_WHAT YOU NEED TO DO_: Write out the data that follows exactly, keeping every picture out.

_DATASET EXCERPTS_:
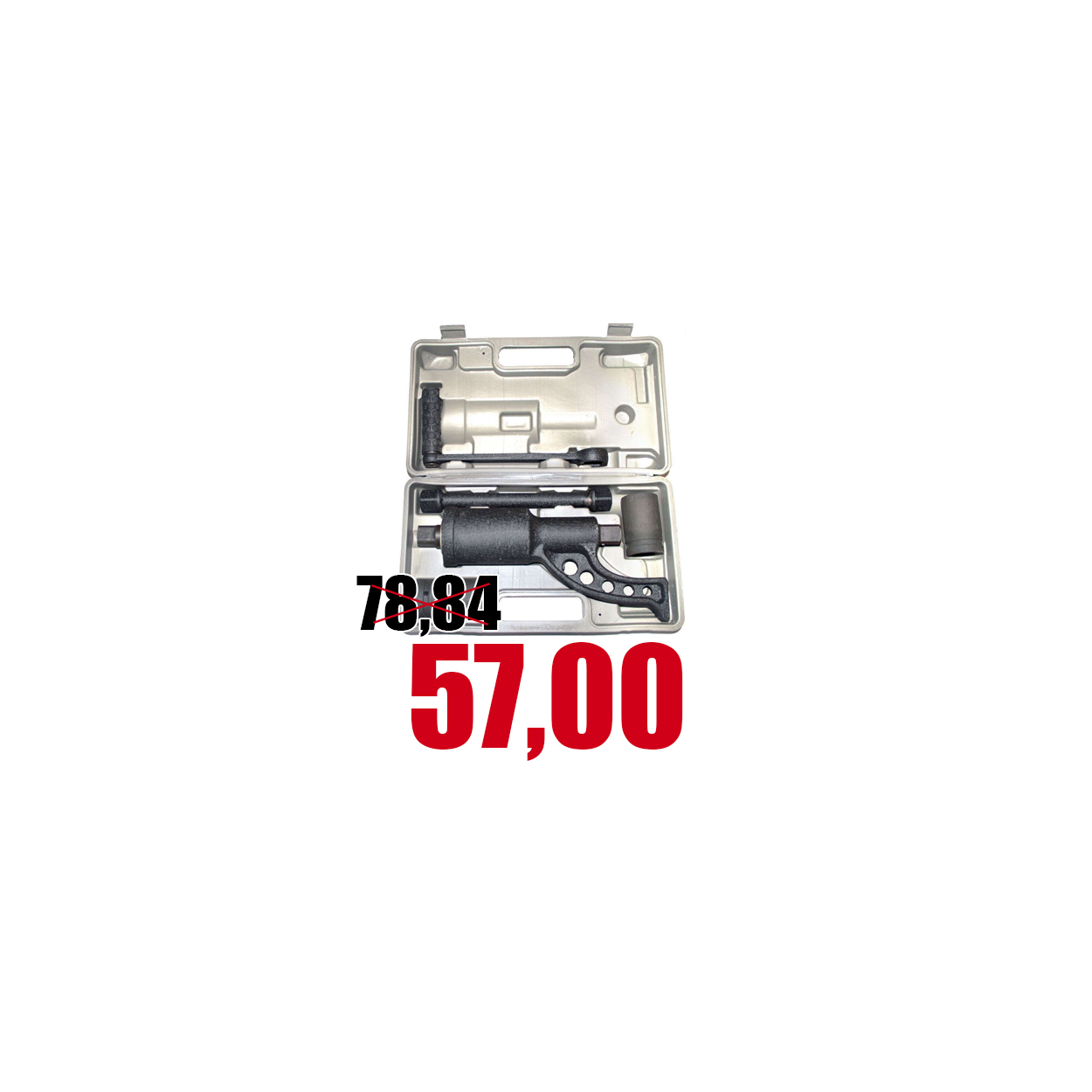 MOLTIPLICATORE DI FORZA IDEALE PER ALLENTARE O STRINGERE DADI/ BULLONI delle RUOTE di MOTRICI, AUTOTRENI, RIMORCHI,AUTOBUS,MEZZI AGRICOLI, QUESTO MOLTIPLICATORE DI FORZA È Un ACCESSORIO CHE VI PERMETTERÀ DI SVITARE SENZA ALCUN SFORZO I BULLONI DELLE RUOTE DI CAMION, RIMORCHI,TRATTORI E FURGONI. GRAZIE AL SUO SISTEMA DI INGRANAGGI INTERNI REALIZZA UN RAPPORTO DI DEMOLTIPLICAZIONE DI 60:1 SVILUPPANDO UNA COPPIA IN USCITA DI BEN 3200n.m, (PARI A 320 KGF.M) RENDENDO ESTREMAMENTE AGEVOLE SVITARE ANCHE I BULLONI PIU' OSTICI. IN DOTAZIONE: DUE BUSSOLE IN ACCIAIO CHROME VANADIUM DI MISURA 32--33mm.PROLUNGA DA 250mm. IL TUTTO IN COMODAVALIGETTA DI PLASTICA
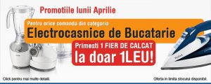 Pe toate acestea le poti comanda online sau in magazinele noastre din Bucuresti, beneficiind de super oferta acestei luni : la orice comanda care depaseste 100 de lei primiti un produs electrocasnic la 1 Leu !
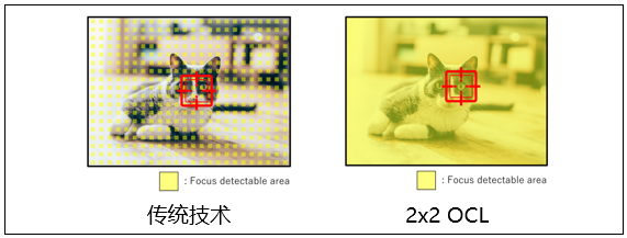 傳統的使用專用像素檢測相位差的方式,由于這些專用像素本身沒有拍照的功能,所以僅可以將部分少量的像素用作相位差檢測。而2x2 OCL的方式,拍照用的像素也可以做相位差檢測,即所有像素都可以做相位差檢測。因此,對于較小的被攝體都可以進行較高精度的對焦。
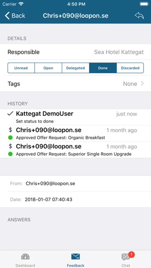 The Loopon Mobile app gives you the possibility to respond to guest feedback, delegate issues to someone else at your hotel and forward feedback to your colleagues.
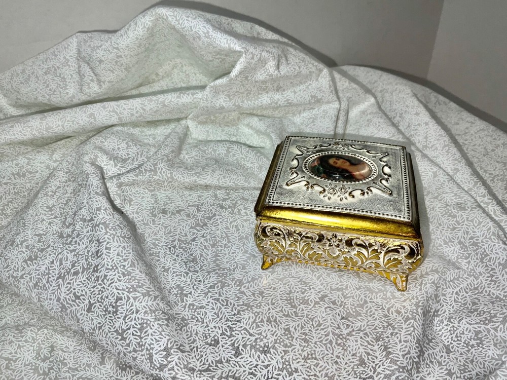 Farrington Japanese Jewelry Box, Metal Hinged Footed, Decorative Box, Cameo, with roses. Gold with white silver detailing. * Thank you for shopping with Becky
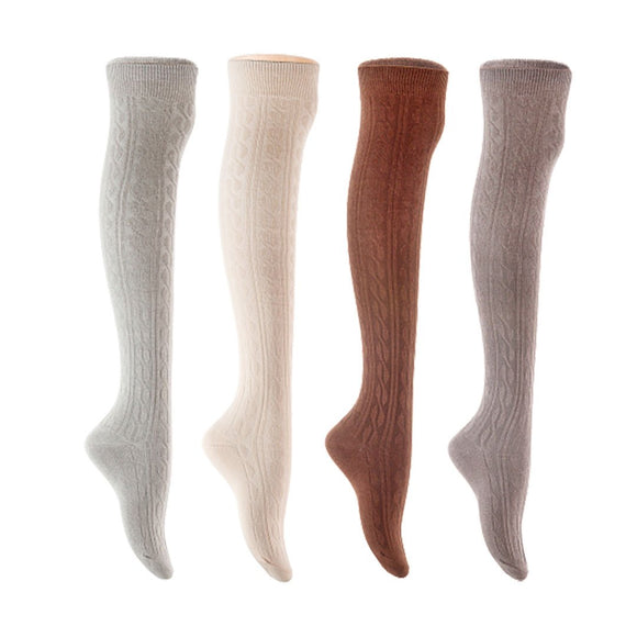 Lian LifeStyle Women's 4 Pair Adorable Comfortable Soft Thigh High Over Knee High Cotton Socks Size 6-9 L1024 (Light Grey,Cream,Coffee,Dark Grey)
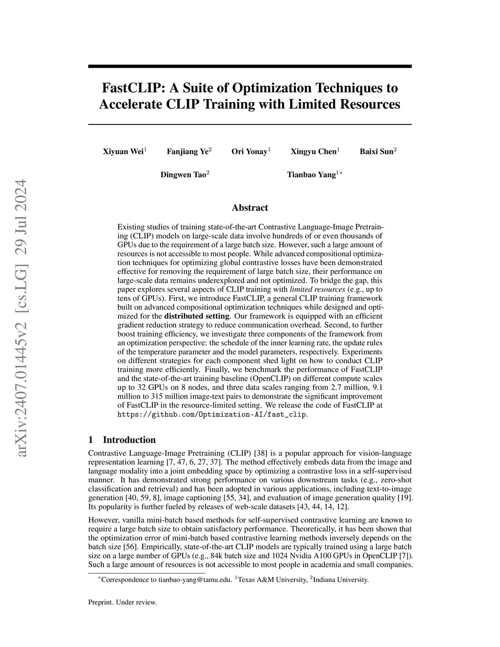 Existing studies of training state-of-the-art Contrastive Language-Image Pretraining (CLIP) models on large-scale data involve hundreds of or even thousands of GPUs due to the requirement of a large batch size. However, such a large amount of resources is not accessible to most people. While advanced compositional optimization techniques for optimizing global contrastive losses have been demonstrated effective for removing the requirement of large batch size, their performance on large-scale data remains underexplored and not optimized. To bridge the gap, this paper explores several aspects of CLIP training with limited resources (e.g., up to tens of GPUs). First, we introduce FastCLIP, a general CLIP training framework built on advanced compositional optimization techniques while designed and optimized for the distributed setting. Our framework is equipped with an efficient gradient reduction strategy to reduce communication overhead. Second, to further boost training efficiency, we investigate three components of the framework from an optimization perspective: the schedule of the inner learning rate, the update rules of the temperature parameter and the model parameters, respectively. Experiments on different strategies for each component shed light on how to conduct CLIP training more efficiently. Finally, we benchmark the performance of FastCLIP and the state-of-the-art training baseline (OpenCLIP) on different compute scales up to 32 GPUs on 8 nodes, and three data scales ranging from 2.7 million, 9.1 million to 315 million image-text pairs to demonstrate the significant improvement of FastCLIP in the resource-limited setting. We release the code of FastCLIP at https://github.com/Optimization-AI/fast_clip .
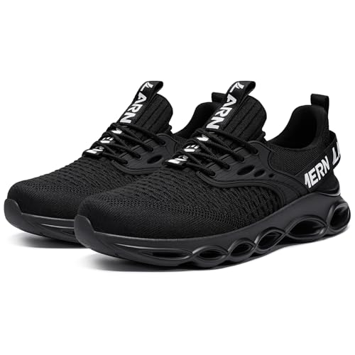 LARNMERN Steel Toe Shoes for Women Safety Shoes Work Sneakers Comfortable Safety Toe Sneakers Work Lightweight Colorful Zapatos de Seguridad (8.5,Deep Black), 8.5 Women/6.5 Men
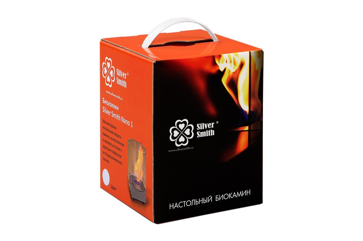 Настольный биокамин Nano 1 Premium Grey от Российского производителя Silver Smith. Данная модель отлично подойдет для дома или квартиры и может использоваться как настольный биокамин. Серия Nano 1 — самые компактные биокамины от производителя Silver Smith. Биокамин Nano 1 Premium Grey стильно упакован, и отлично подойдет в качестве подарка. Модель Nano 1 Premium Grey оснащена термостойким боросиликатным стеклом чешского производства. Металлическая часть окрашена итальянской порошковой краской цвета «light grey» с фактурой «Мятая бумага». Горение происходит в результате испарения биотоплива из контейнера с металлическим волокном. Тушение биокамина осуществляется при помощи специального металлического пламегасителя.
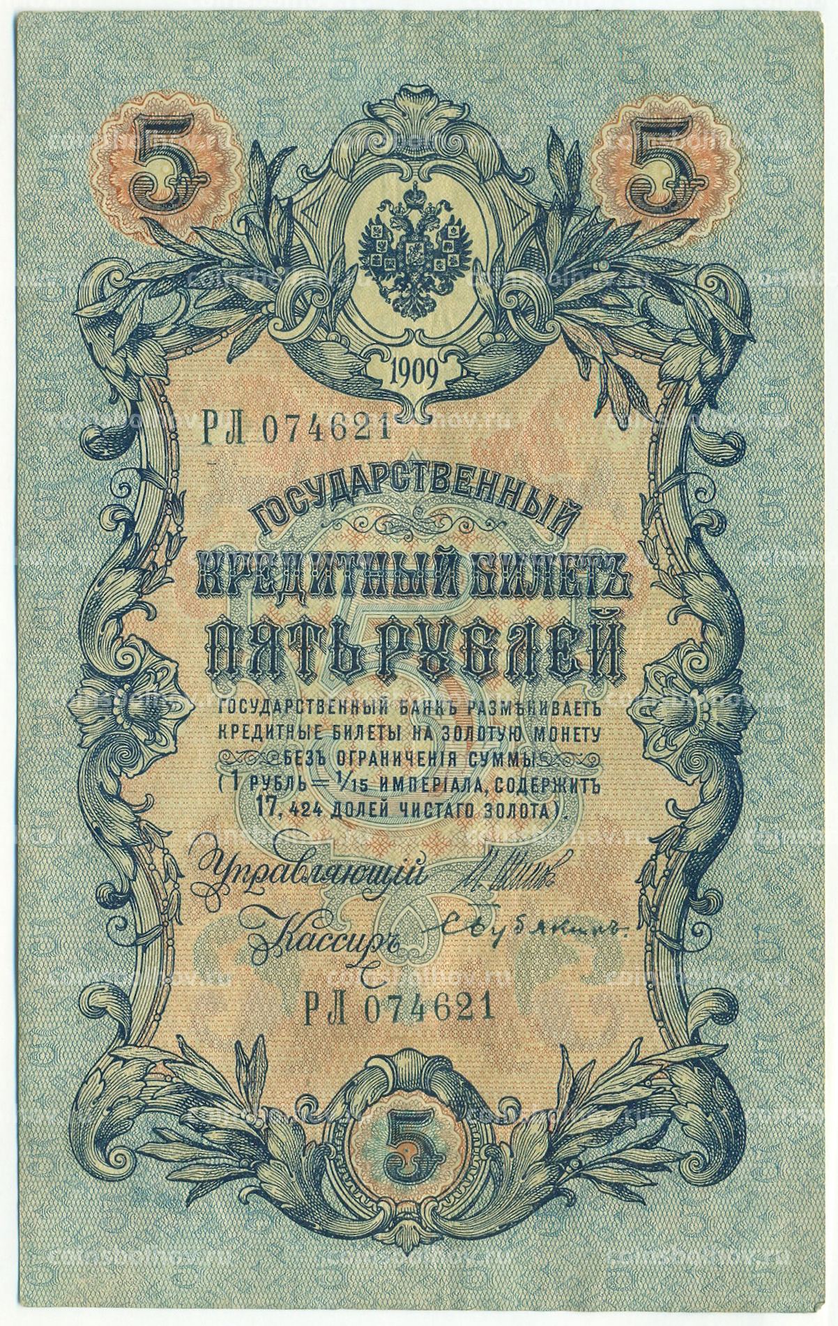 Банкнота 5 рублей 1909 года Шипов / Бубякин
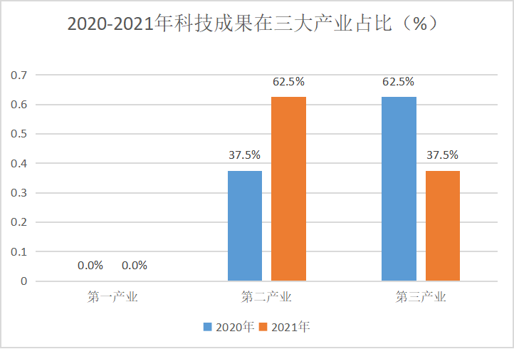 技术成果按应用行业进行分类统计,第一产业(即农、林、牧、渔业)为0,与上一年持平;第二产业(即采矿业,制造业,电力、热力、燃气及水的生产和供应业,建筑业)占62.5%,较上一年上升了25个百分点;第三产业(即除第一、二产业外的其他行业)的比例达到37.5%,较上一年下降了25个百分点。(见图2-2)
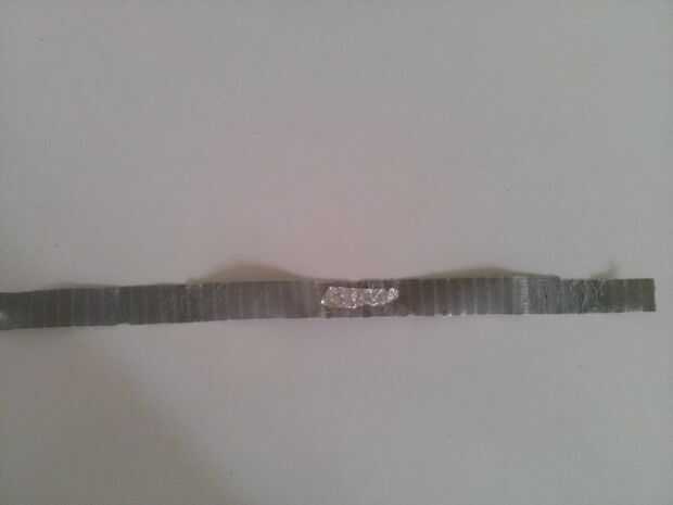 Pegar el trozo de hoja sobre un pedazo largo de cinta del conducto. Coloque las dos pilas en el papel de aluminio. Uno debe tocar la hoja con su terminal negativo, el otro con su terminal positivo. Ahora coloque el LED a través de los otros dos terminales y envuélvalo con la cinta restante los cables de LED y baterías. Asegúrese de dejar cierta holgura para que los conductores del LED no están completamente en contacto con los terminales de la batería.
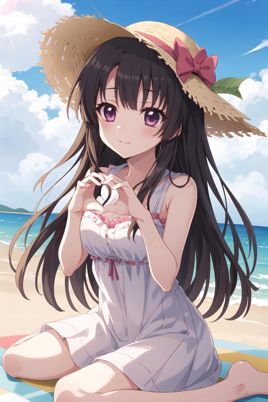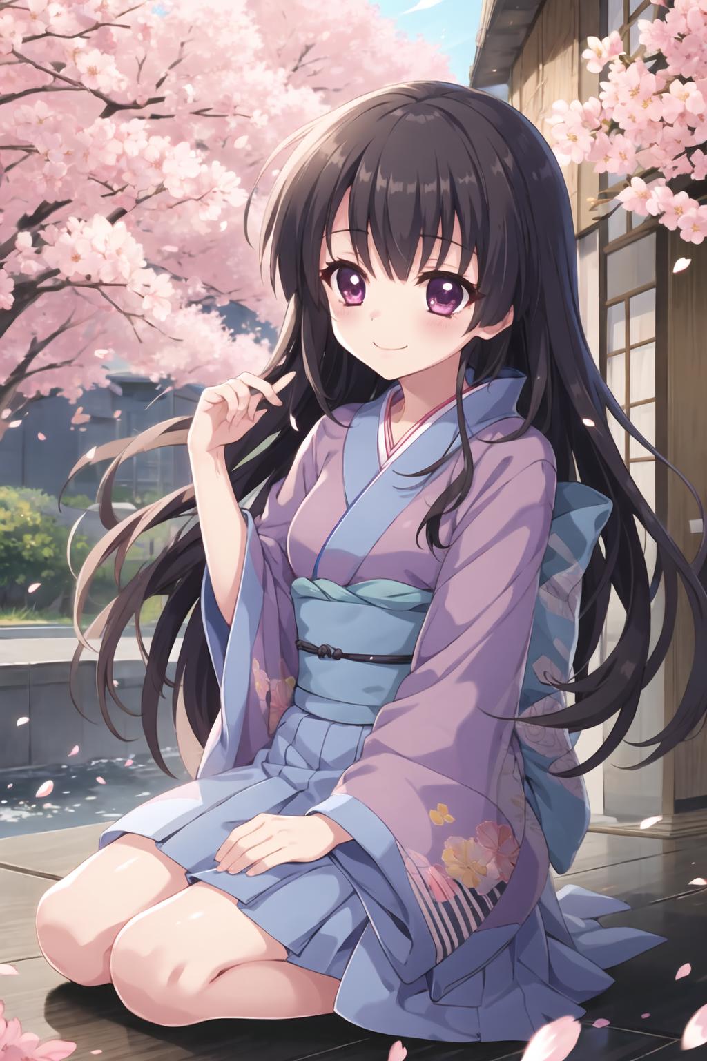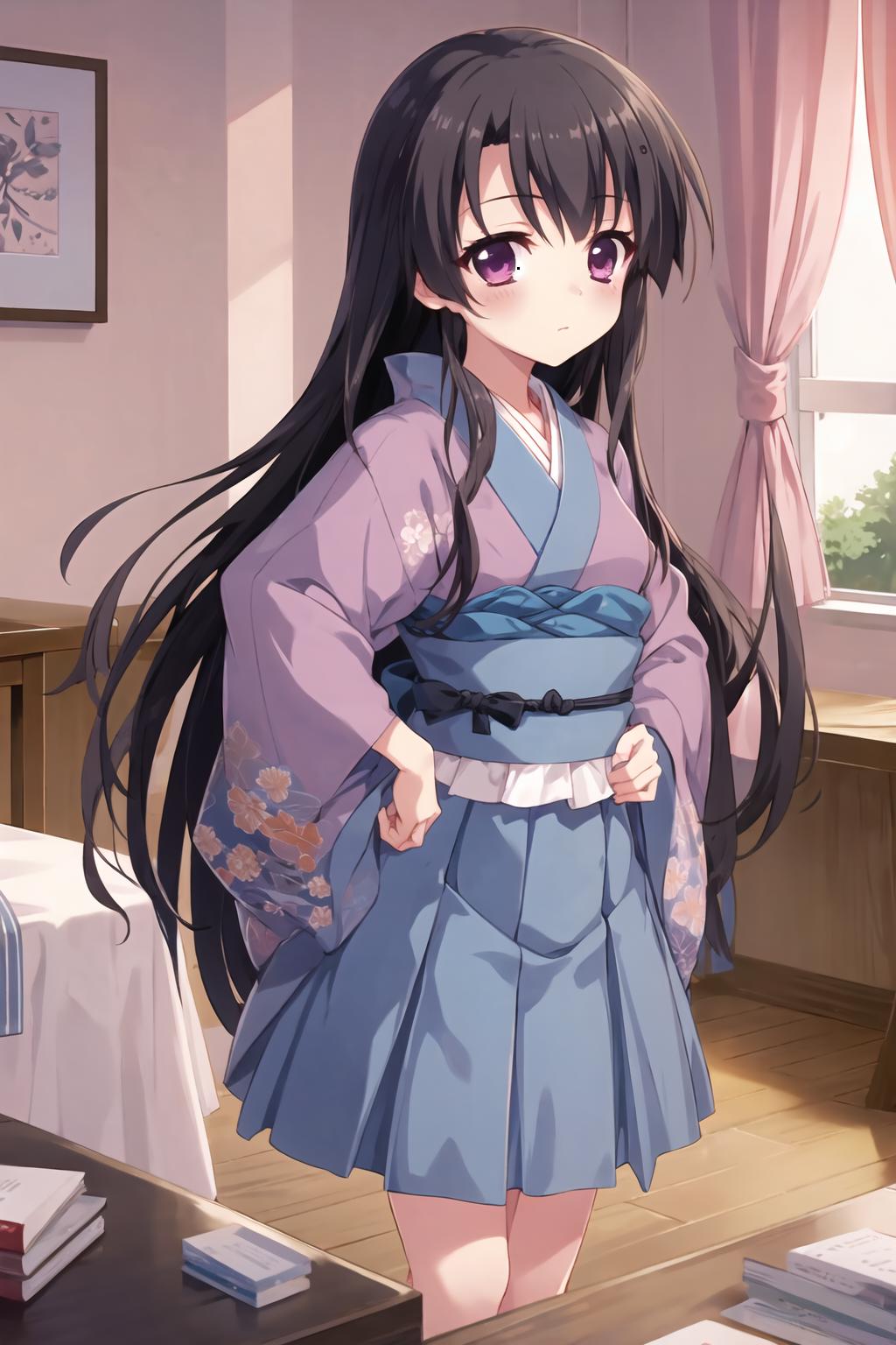 ichikishima mizuha \(re:stage!\), black hair, very long hair, darkmagenta eyes,

_RESPONSE_:
 MOLTIPLICATORE DI FORZA IDEALE PER ALLENTARE O STRINGERE DADI/ BULLONI delle RUOTE di MOTRICI, AUTOTRENI, RIMORCHI,AUTOBUS,MEZZI AGRICOLI, QUESTO MOLTIPLICATORE DI FORZA È Un ACCESSORIO CHE VI PERMETTERÀ DI SVITARE SENZA ALCUN SFORZO I BULLONI DELLE RUOTE DI CAMION, RIMORCHI,TRATTORI E FURGONI. GRAZIE AL SUO SISTEMA DI INGRANAGGI INTERNI REALIZZA UN RAPPORTO DI DEMOLTIPLICAZIONE DI 60:1 SVILUPPANDO UNA COPPIA IN USCITA DI BEN 3200n.m, (PARI A 320 KGF.M) RENDENDO ESTREMAMENTE AGEVOLE SVITARE ANCHE I BULLONI PIU' OSTICI. IN DOTAZIONE: DUE BUSSOLE IN ACCIAIO CHROME VANADIUM DI MISURA 32--33mm.PROLUNGA DA 250mm. IL TUTTO IN COMODAVALIGETTA DI PLASTICA
 Pe toate acestea le poti comanda online sau in magazinele noastre din Bucuresti, beneficiind de super oferta acestei luni : la orice comanda care depaseste 100 de lei primiti un produs electrocasnic la 1 Leu !
 傳統的使用專用像素檢測相位差的方式,由于這些專用像素本身沒有拍照的功能,所以僅可以將部分少量的像素用作相位差檢測。而2x2 OCL的方式,拍照用的像素也可以做相位差檢測,即所有像素都可以做相位差檢測。因此,對于較小的被攝體都可以進行較高精度的對焦。
 The Loopon Mobile app gives you the possibility to respond to guest feedback, delegate issues to someone else at your hotel and forward feedback to your colleagues.
 Farrington Japanese Jewelry Box, Metal Hinged Footed, Decorative Box, Cameo, with roses. Gold with white silver detailing. * Thank you for shopping with Becky
 Lian LifeStyle Women's 4 Pair Adorable Comfortable Soft Thigh High Over Knee High Cotton Socks Size 6-9 L1024 (Light Grey,Cream,Coffee,Dark Grey)
 Existing studies of training state-of-the-art Contrastive Language-Image Pretraining (CLIP) models on large-scale data involve hundreds of or even thousands of GPUs due to the requirement of a large batch size. However, such a large amount of resources is not accessible to most people. While advanced compositional optimization techniques for optimizing global contrastive losses have been demonstrated effective for removing the requirement of large batch size, their performance on large-scale data remains underexplored and not optimized. To bridge the gap, this paper explores several aspects of CLIP training with limited resources (e.g., up to tens of GPUs). First, we introduce FastCLIP, a general CLIP training framework built on advanced compositional optimization techniques while designed and optimized for the distributed setting. Our framework is equipped with an efficient gradient reduction strategy to reduce communication overhead. Second, to further boost training efficiency, we investigate three components of the framework from an optimization perspective: the schedule of the inner learning rate, the update rules of the temperature parameter and the model parameters, respectively. Experiments on different strategies for each component shed light on how to conduct CLIP training more efficiently. Finally, we benchmark the performance of FastCLIP and the state-of-the-art training baseline (OpenCLIP) on different compute scales up to 32 GPUs on 8 nodes, and three data scales ranging from 2.7 million, 9.1 million to 315 million image-text pairs to demonstrate the significant improvement of FastCLIP in the resource-limited setting. We release the code of FastCLIP at https://github.com/Optimization-AI/fast_clip .
 LARNMERN Steel Toe Shoes for Women Safety Shoes Work Sneakers Comfortable Safety Toe Sneakers Work Lightweight Colorful Zapatos de Seguridad (8.5,Deep Black), 8.5 Women/6.5 Men
 Настольный биокамин Nano 1 Premium Grey от Российского производителя Silver Smith. Данная модель отлично подойдет для дома или квартиры и может использоваться как настольный биокамин. Серия Nano 1 — самые компактные биокамины от производителя Silver Smith. Биокамин Nano 1 Premium Grey стильно упакован, и отлично подойдет в качестве подарка. Модель Nano 1 Premium Grey оснащена термостойким боросиликатным стеклом чешского производства. Металлическая часть окрашена итальянской порошковой краской цвета «light grey» с фактурой «Мятая бумага». Горение происходит в результате испарения биотоплива из контейнера с металлическим волокном. Тушение биокамина осуществляется при помощи специального металлического пламегасителя.
 Банкнота 5 рублей 1909 года Шипов / Бубякин
 技术成果按应用行业进行分类统计,第一产业(即农、林、牧、渔业)为0,与上一年持平;第二产业(即采矿业,制造业,电力、热力、燃气及水的生产和供应业,建筑业)占62.5%,较上一年上升了25个百分点;第三产业(即除第一、二产业外的其他行业)的比例达到37.5%,较上一年下降了25个百分点。(见图2-2)
 Pegar el trozo de hoja sobre un pedazo largo de cinta del conducto. Coloque las dos pilas en el papel de aluminio. Uno debe tocar la hoja con su terminal negativo, el otro con su terminal positivo. Ahora coloque el LED a través de los otros dos terminales y envuélvalo con la cinta restante los cables de LED y baterías. Asegúrese de dejar cierta holgura para que los conductores del LED no están completamente en contacto con los terminales de la batería.
 ichikishima mizuha \(re:stage!\), black hair, very long hair, darkmagenta eyes,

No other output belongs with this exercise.